I don’t give two shyts if these racists get their act together.
they are sociopaths….period.
jayackroyd
Fucking numbers.
Fair Economist
@PeakVT:
The Republican strategy of demonizing their opponent seems to have an odd side effect – they can’t stop picking opponents, even within their own party. The true moderates have been gone for years; even the highly conservative guys who occasionally compromise like Lugar are going; and yet they still have to have evil corrupt RINOs to oppose so they’re going after people who really have no genuine moderate or bipartisan inclinations at all. It makes me think of communist party purges.
Matt McIrvin
@Not Sure: I said it just a couple of days ago, and I’ll say it again: 2010 was not a Republican landslide because disgruntled progressives stayed home to punish Obama for his sins. The people who think that way make a big noise on the Internet, but their numbers are tiny, and the only elections in which they can swing the vote are fantastically close ones.

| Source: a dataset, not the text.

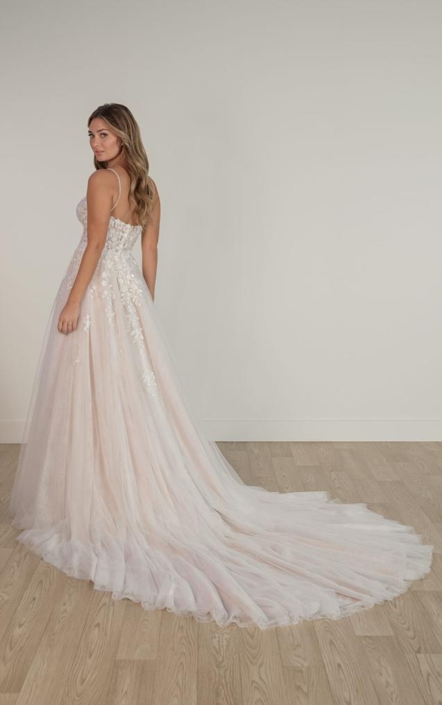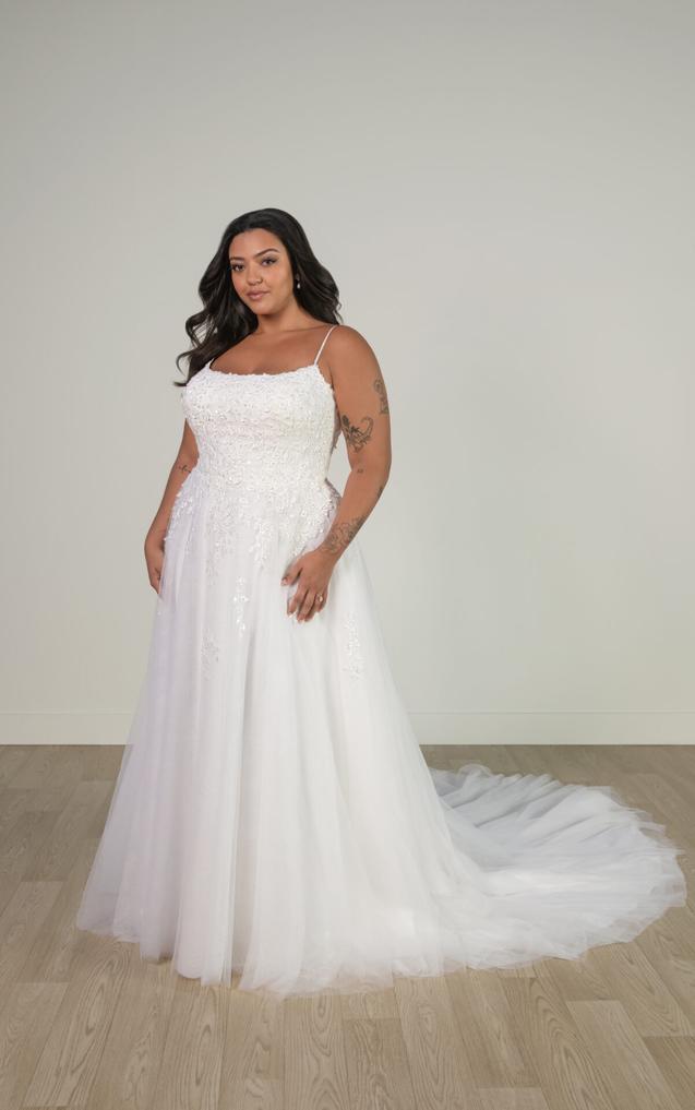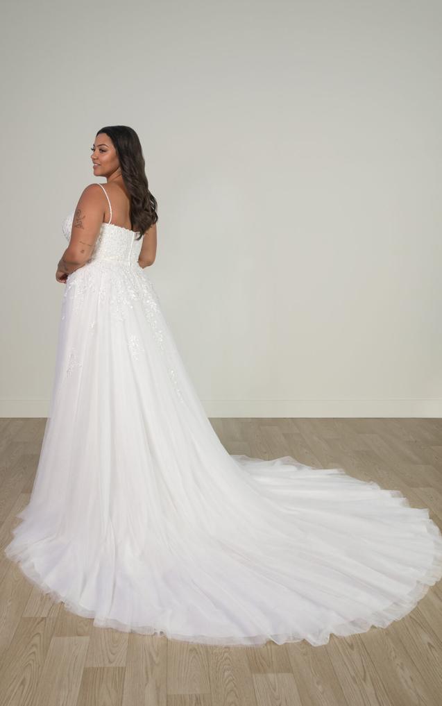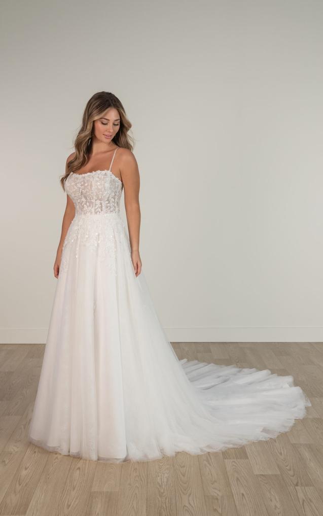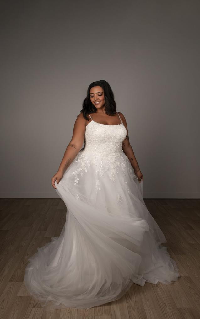 (Bodice Unlined or Lined) This enchanting lace and tulle wedding gown features a soft A-line silhouette, beautifully adorned with delicate, nature-inspired lace for a whimsical, ethereal look. Beaded spaghetti straps frame a flattering square neckline, leading to a sheer bodice detailed with intricate 3D lace.

2010 was a Republican landslide because most Democrats, and especially young voters, were as apathetic about midterm elections as they typically are, but the Republicans turned out in unusually large numbers.
What we need is not so much to keep incipient Naderites on board as to get lower-information, lower-commitment Democratic voters in the habit of voting in elections in which the presidency is not at stake. They actually turned out in 2006 because Bush was doing so awfully.
In 2012, minorities turned out in huge numbers in part because they were upset about racially tinged attacks on Obama and attempts at suppressing their vote. It’d be nice to think that the 2012 coalition could be persuaded to keep voting in midterms on the grounds that people are still trying to prevent them from doing so.
Matt McIrvin
@Liberty60:
I think this is still just the latent effect of 1980 on the thinking of middle-aged-to-old people. That was the year that the mainstream media were shocked at the groundswell of True Conservative agita they were missing, and forever after devoted themselves to bend over backwards to acknowledge it.
What they’re missing is mostly demographics. Romney won a larger fraction of white voters in 2012 than Reagan won in 1980. You just can’t build a landslide that way any more. If you’re white and you mostly talk to other white people, you might well be able to convince yourself that it’s still 1980.
...now I try to be amused
@Roger Moore:
This reminds me of a Sun Tzu quote:
“Strategy without tactics is the slowest route to victory. Tactics without strategy is the noise before defeat.”
And damn, the Republicans are noisy.